Moreover, the shift to immediacy is couched within language which assumes that the political apparatus of the State is the instrument responsible for ushering in the Kingdom of God. This assumption leaves far behind the balanced considerations of St. Augustine, whose line of demarcation between the City of God and the City of Man saved Christianity from the political ruin of Rome. Any of those seeking in the Catacombs Pact a political ideology do well to remember the history of the Church and the dangers of confusing any earthly polis with the New Jerusalem of Christian expectation. While it is the Church’s mission to begin forming people in the habits of upright citizenship, that citizenship––until the eschaton––remains in heaven (Phil. 3:20). As a result, Christians are to remain political pilgrims on earth, putting their trust in Christ and not political ideologies.
It is not irrelevant to this final point that the Compendium of Catholic Social Doctrine follows its seminal paragraph on the preferential option for the poor with a paragraph noting the dangers of ideological messianisms (§183). One of the reasons Gibbons notes that the Pact initially failed to garner larger influence was that “it had the odor of communism”; given the ambiguity of this pivotal passage, it is not difficult to see why many might think so.
Surgeons, not revolutionaries
In summation, given both the frequency today with which a call for economic justice is easily captured in political narratives of left v. right, liberal v. conservative, and given the ambiguities internal to the document itself, there is a danger in reading the Pact––which was only ever intended as a voluntary personal profession of pastoral solidarity––as a theo-political program, an affirmation of statist secularism accompanied by an ecclesiology in which the Church is no longer “the people of God”, but a social service organization or advocacy group.

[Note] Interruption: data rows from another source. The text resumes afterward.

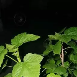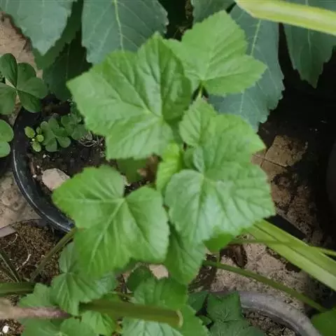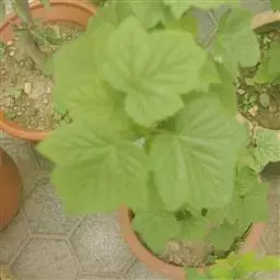 叶圆状肾形至倒卵圆形,长2-5cm,宽几与长相似,基部楔形,稀近圆形或截形,幼时两面均具短柔毛,并常有腺体,成长时柔毛渐脱落,至老时近无毛,掌状3-5深裂,裂片形状不规则,先端稍钝,顶生裂片稍长或与侧生裂片近等长,边缘具粗钝锯齿;叶柄长 (0.5) 1-2cm,被短柔毛。
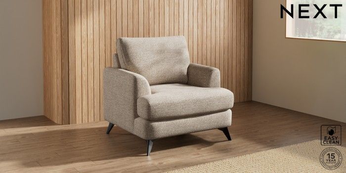 7.3.1 Buy Parker Armchair Chunky Boucle Easy Clean Mid Natural High Metal - Black from the Next UK online shop Click here to use our accessible website
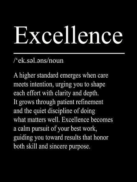 Das Wort Excellence steht für höchste Ansprüche, Sorgfalt und bewusste Hingabe. Dieses typografische Definitionsposter beschreibt den ruhigen Weg zu Qualität, Präzision und nachhaltigem Erfolg.
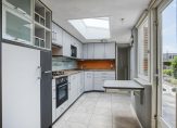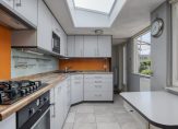– De halfopen keuken (oppervlakte: circa 15 m²) beschikt over een praktische inbouwkast en de meterkast (8 groepen en een aardlekschakelaar) De luxe inrichting in hoekopstelling is voorzien van een oven, 5-pits gaskookplaat met wokbrander, vlakscherm afzuigkap, koelkast met vriesvak, apothekerskast, aparte magnetron en diverse onder- en bovenkasten. Boven de keuken is een lichtstraat die zorgt voor extra lichtinval. Tevens is er een vast ontbijttafeltje en een loopdeur naar de woonkamer.
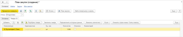 Система предлагает закупить 1 штуку 1С:Бухгалтерии, чтобы покрыть плановый дефицит продукции.

Such a reading would do violence to the positive potential of the Pact and to the nature of the Church affirmed at the Second Vatican Council in Lumen Gentium.
If the Church is truly going to be “the field hospital” of the world, as Pope Francis rightly declares it to be, this means that it cannot be a combatant in merely political conflicts. As field medics know well, picking up a gun turns the red cross on their helmets into a bullseye. The doctors of the Church serve a higher purpose than ensuring which side wins in a political contest of wills. The Church’s calling is to wash the bodies of political victims indiscriminately, while sharing with all the discriminating message of truth: one has already come to show us a way beyond political tumult, and he will come again to bring a Kingdom of Peace not of this world.
The Church does not have much at stake in whether Democrats or Republicans or Whigs or Tories or Labour parties win an election cycle. For the Church’s war is “not against flesh and blood, but against the spiritual powers and principalities of this present darkness” (Eph 6:12). This does not mean that the Church withdraws from the world or its vast array of sufferings. It rather recognizes that the Church’s fundamental mission is to drop the sword and pick up the scalpel. It is easy to confuse the two, but the differences are vast.
In order to honor the positive message of the Catacombs Pact, the Church must follow the lead of its signees in getting its hands dirty; but it must also remember the danger of confusing the blood on the surgeon’s hands with the blood on the revolutionary’s. For the Church follows the Son of the Father named Jesus Christ, not the political radical Bar-abbas.